Problem details:
Retype the data exactly, skipping any picture in it.

Task inputs:
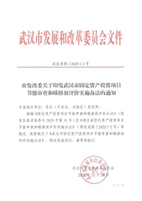 武汉市发改委关于印发武汉市固定资产投资项目节能审查和碳排放评价实施办法的通知(武发改规〔2025〕2号)
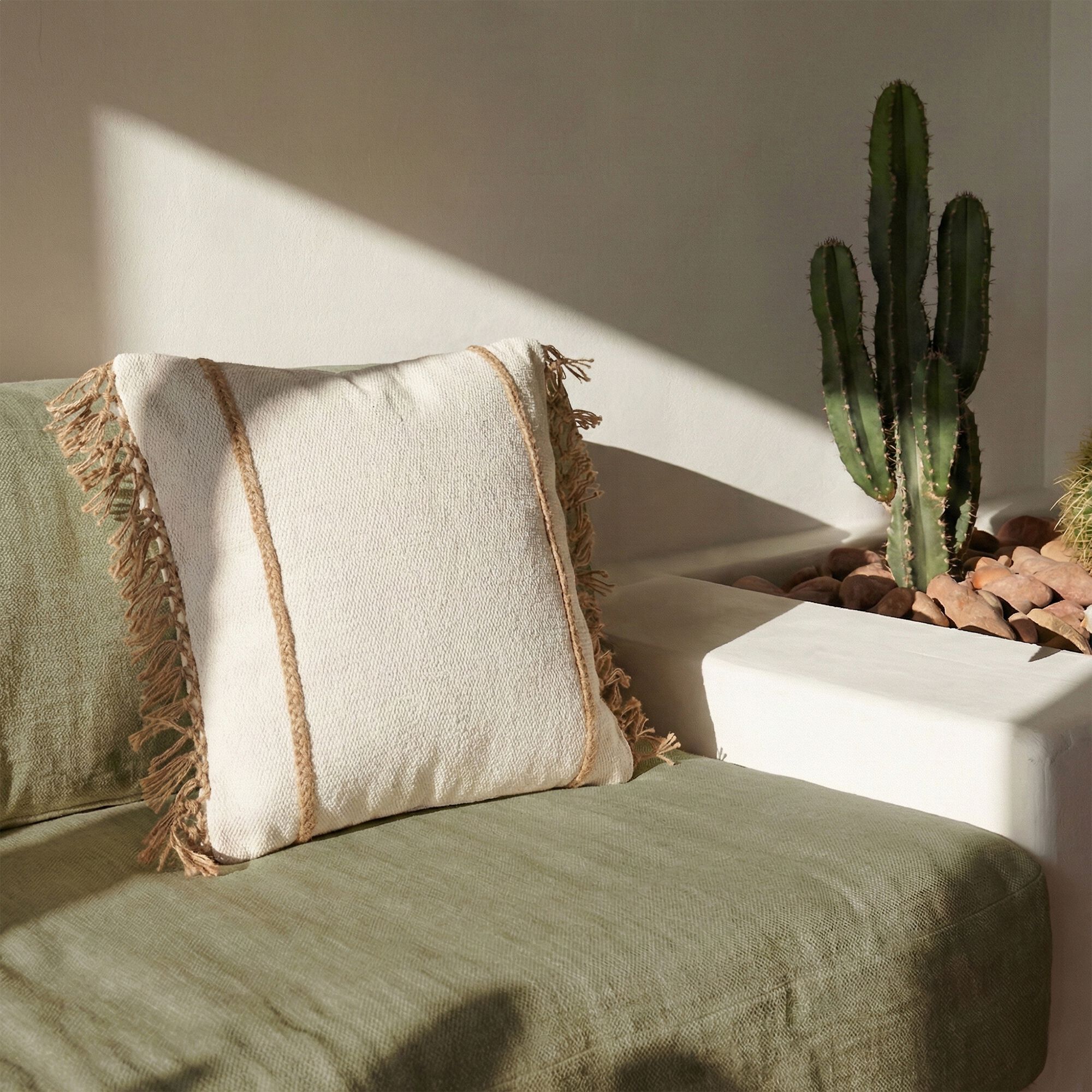 TESSALY - Coussin en gaze de coton 45x45cm - beige alpilles
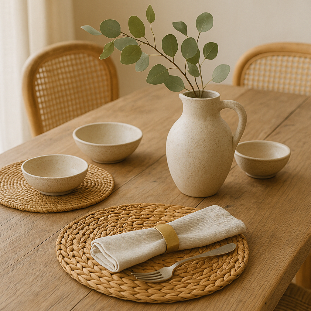 9: Close-up of woven Mediterranean table styling with ceramic pieces.
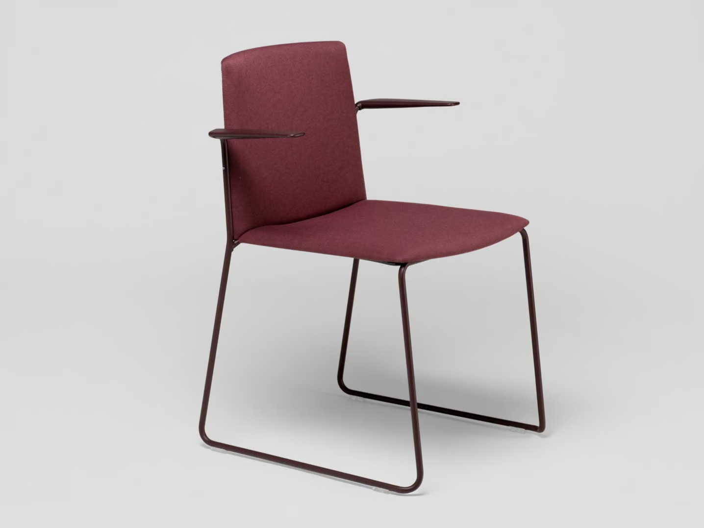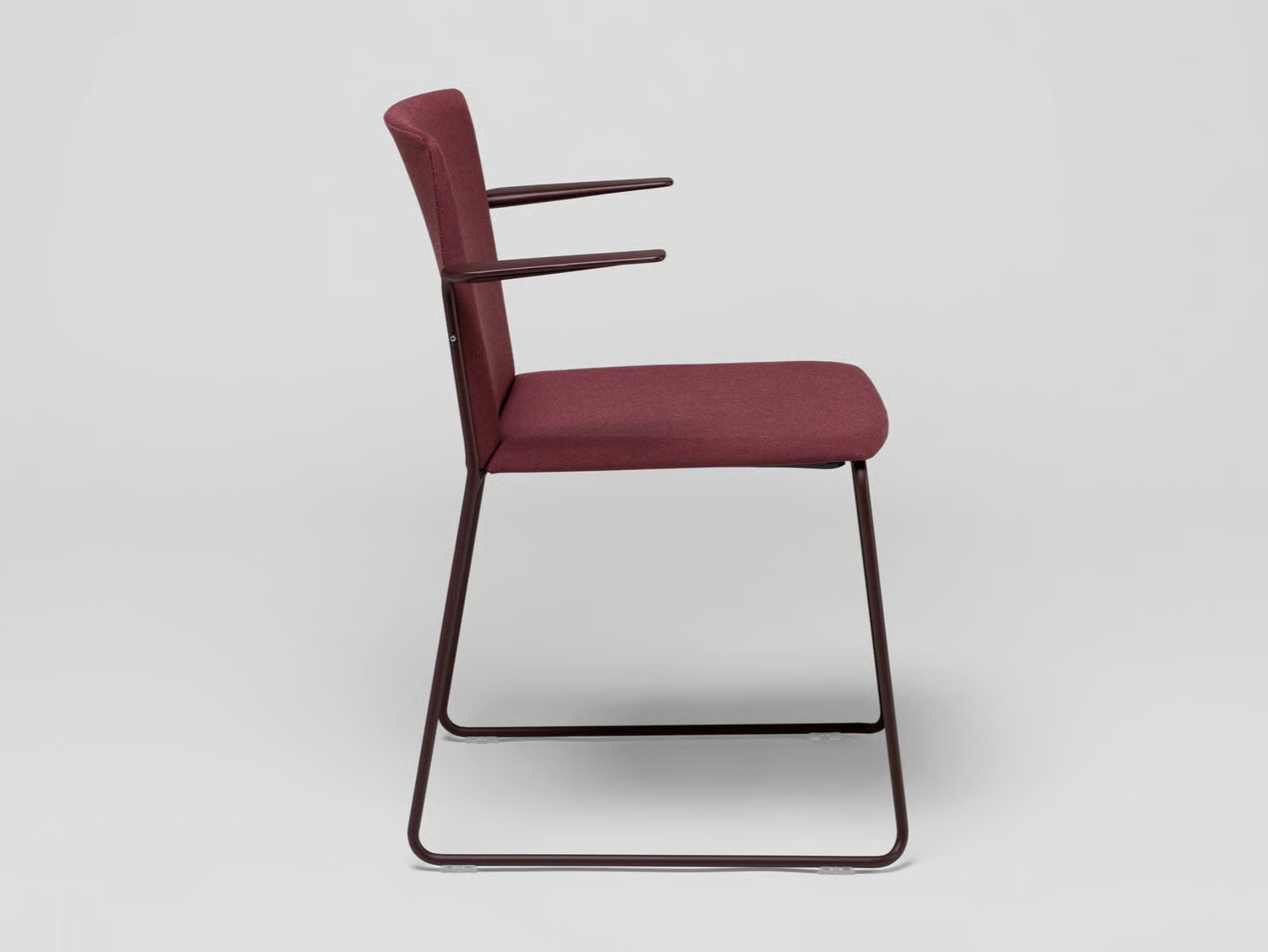 The EMA Chair with armrests is designed for versatility and durability, making it ideal for restaurants, conference rooms, coworking spaces, cafés, event venues, and educational institutions. Its close backrest offers a cozy feel, while the lightweight, stackable design allows for efficient storage, accommodating up to 45 units. The chair features a robust sledge steel frame and aluminum arms, available in chromed, polished, or lacquered finishes in various Enea Design colors. Choose between polypropylene or upholstered options for the seat and backrest, with an additional upholstered seat pad to enhance comfort and reduce friction during stacking. This ergonomic chair can stack up to 20 units on a trolley and 15 on the floor, making it a practical choice for spaces requiring flexible seating solutions.
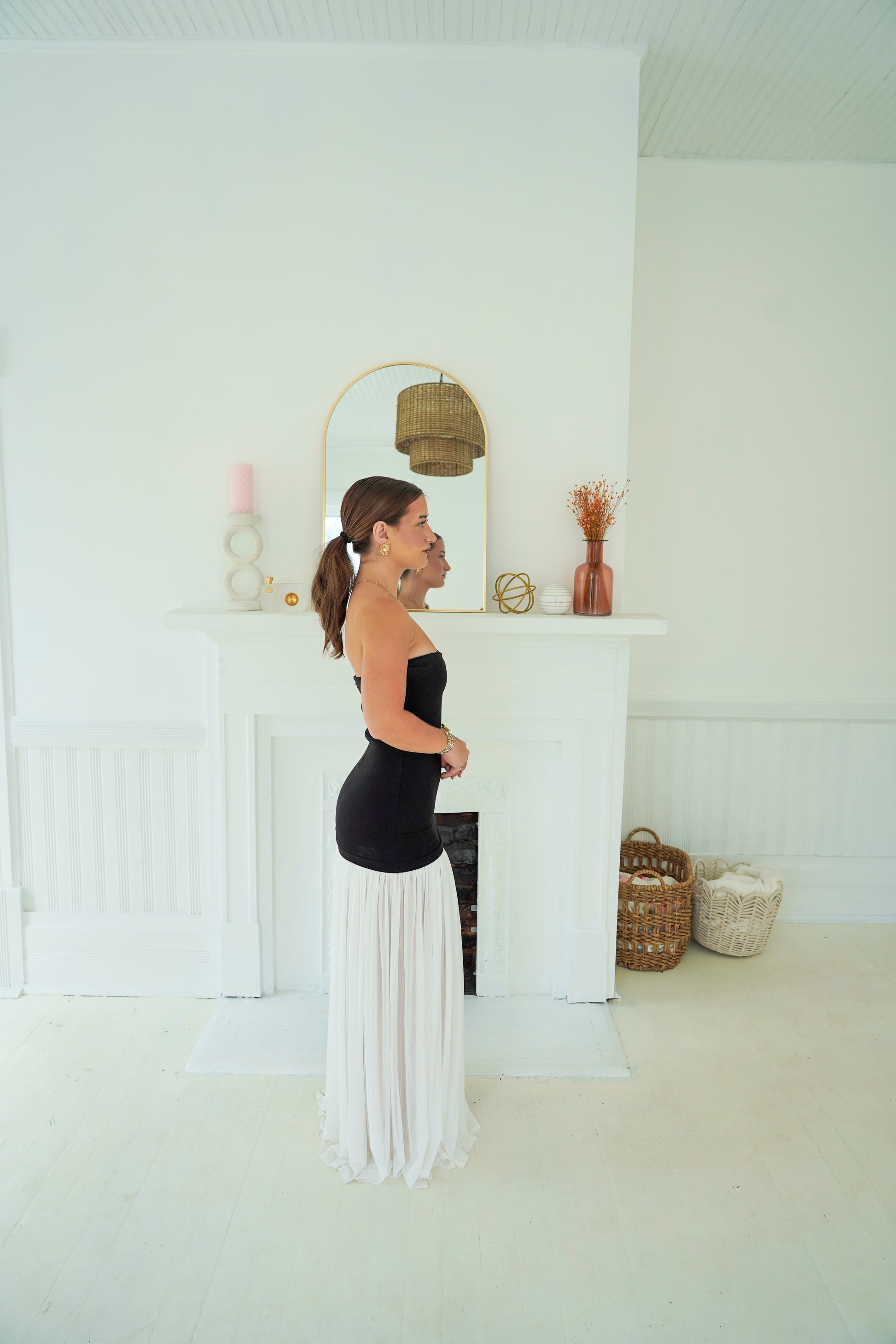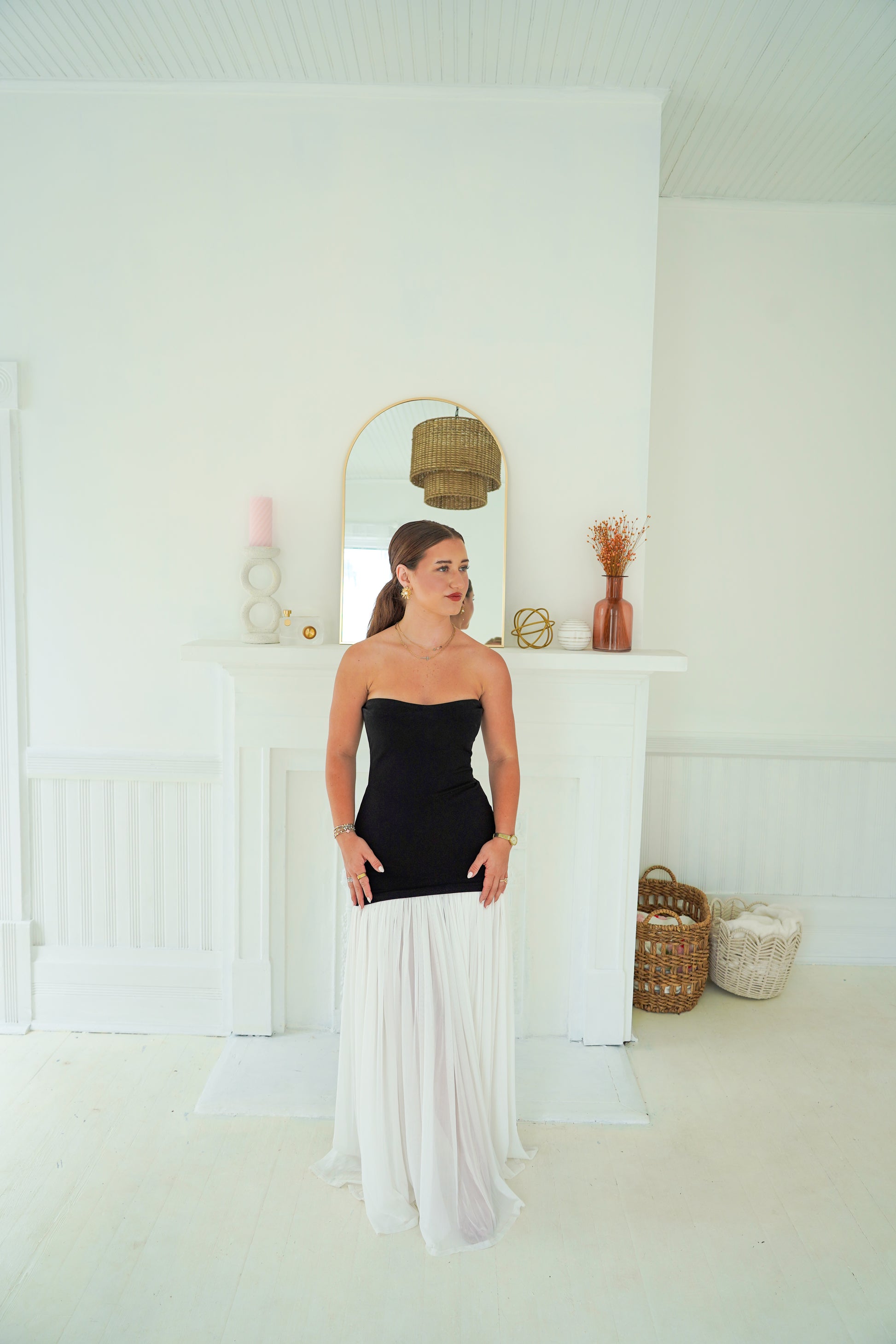 The Black & Blanche Formal Dress is the definition of timeless elegance. With a sleek, form-fitting black bodice and a flowing white tulle-inspired skirt, this piece creates a striking silhouette that’s both classic and modern. Perfect for formal events, elevated evenings out, or any occasion that calls for sophistication, it’s a dress designed to turn heads while keeping you effortlessly chic.
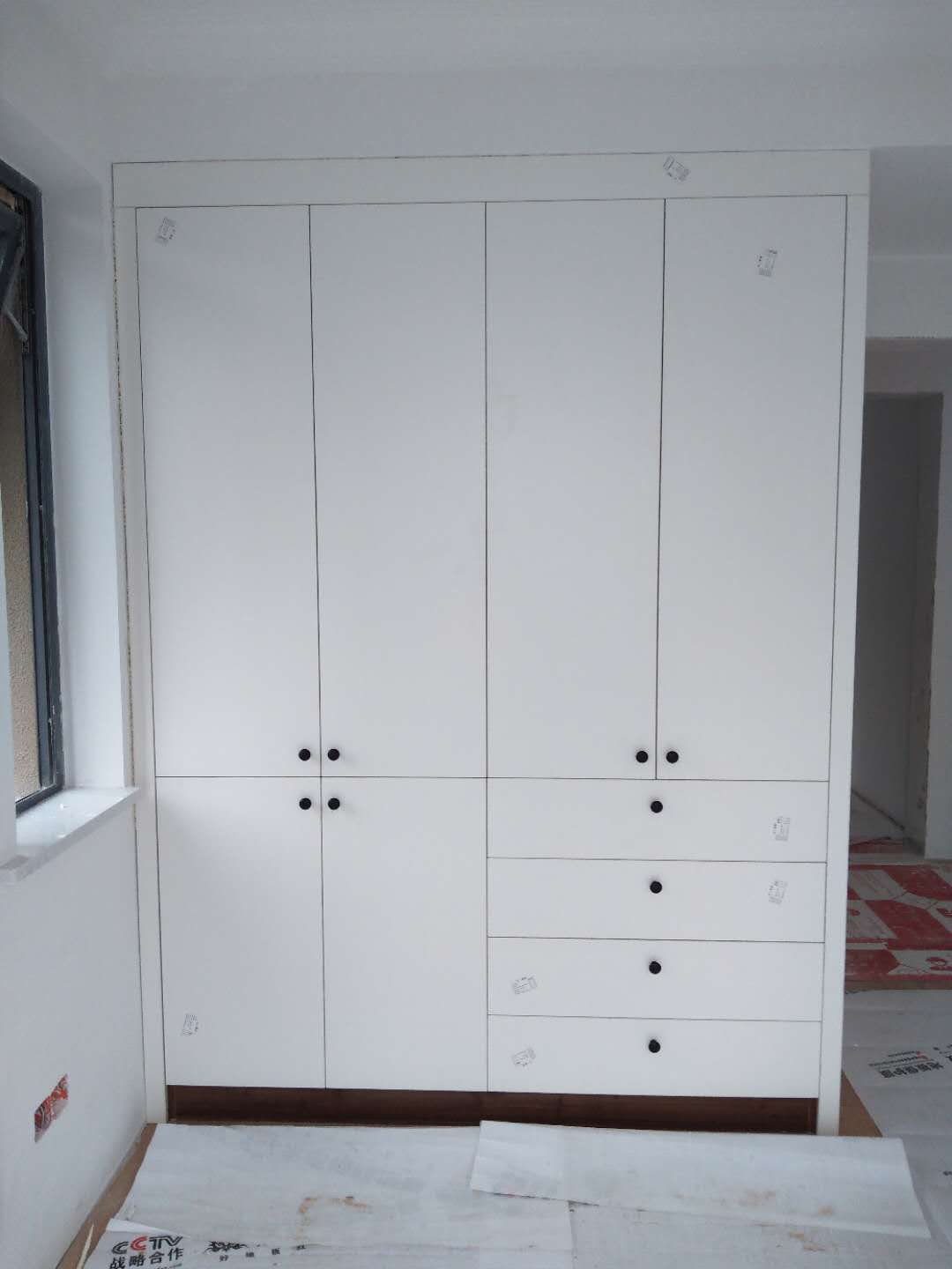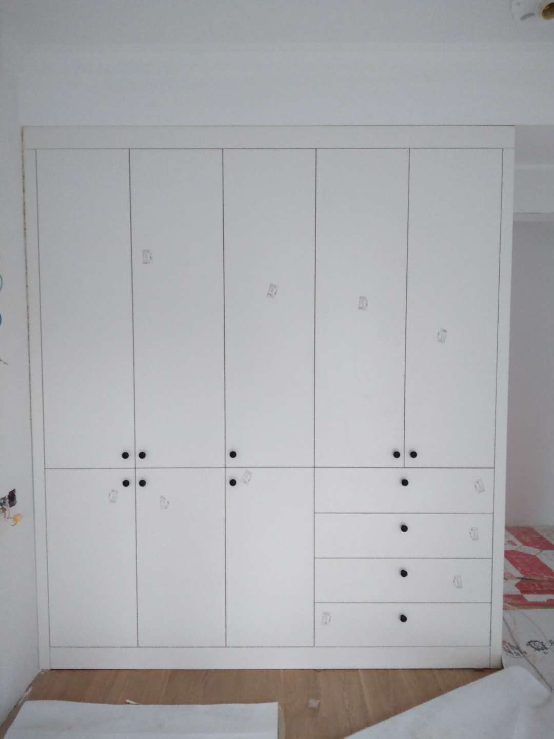 開始制作了,衣柜開板中,板材使用平安樹實木多層大富大貴制作,真材實料,有高級的藍光防偽標識。

Solved exercise:
 武汉市发改委关于印发武汉市固定资产投资项目节能审查和碳排放评价实施办法的通知(武发改规〔2025〕2号)
 TESSALY - Coussin en gaze de coton 45x45cm - beige alpilles
 9: Close-up of woven Mediterranean table styling with ceramic pieces.
 The EMA Chair with armrests is designed for versatility and durability, making it ideal for restaurants, conference rooms, coworking spaces, cafés, event venues, and educational institutions. Its close backrest offers a cozy feel, while the lightweight, stackable design allows for efficient storage, accommodating up to 45 units. The chair features a robust sledge steel frame and aluminum arms, available in chromed, polished, or lacquered finishes in various Enea Design colors. Choose between polypropylene or upholstered options for the seat and backrest, with an additional upholstered seat pad to enhance comfort and reduce friction during stacking. This ergonomic chair can stack up to 20 units on a trolley and 15 on the floor, making it a practical choice for spaces requiring flexible seating solutions.
 The Black & Blanche Formal Dress is the definition of timeless elegance. With a sleek, form-fitting black bodice and a flowing white tulle-inspired skirt, this piece creates a striking silhouette that’s both classic and modern. Perfect for formal events, elevated evenings out, or any occasion that calls for sophistication, it’s a dress designed to turn heads while keeping you effortlessly chic.
 開始制作了,衣柜開板中,板材使用平安樹實木多層大富大貴制作,真材實料,有高級的藍光防偽標識。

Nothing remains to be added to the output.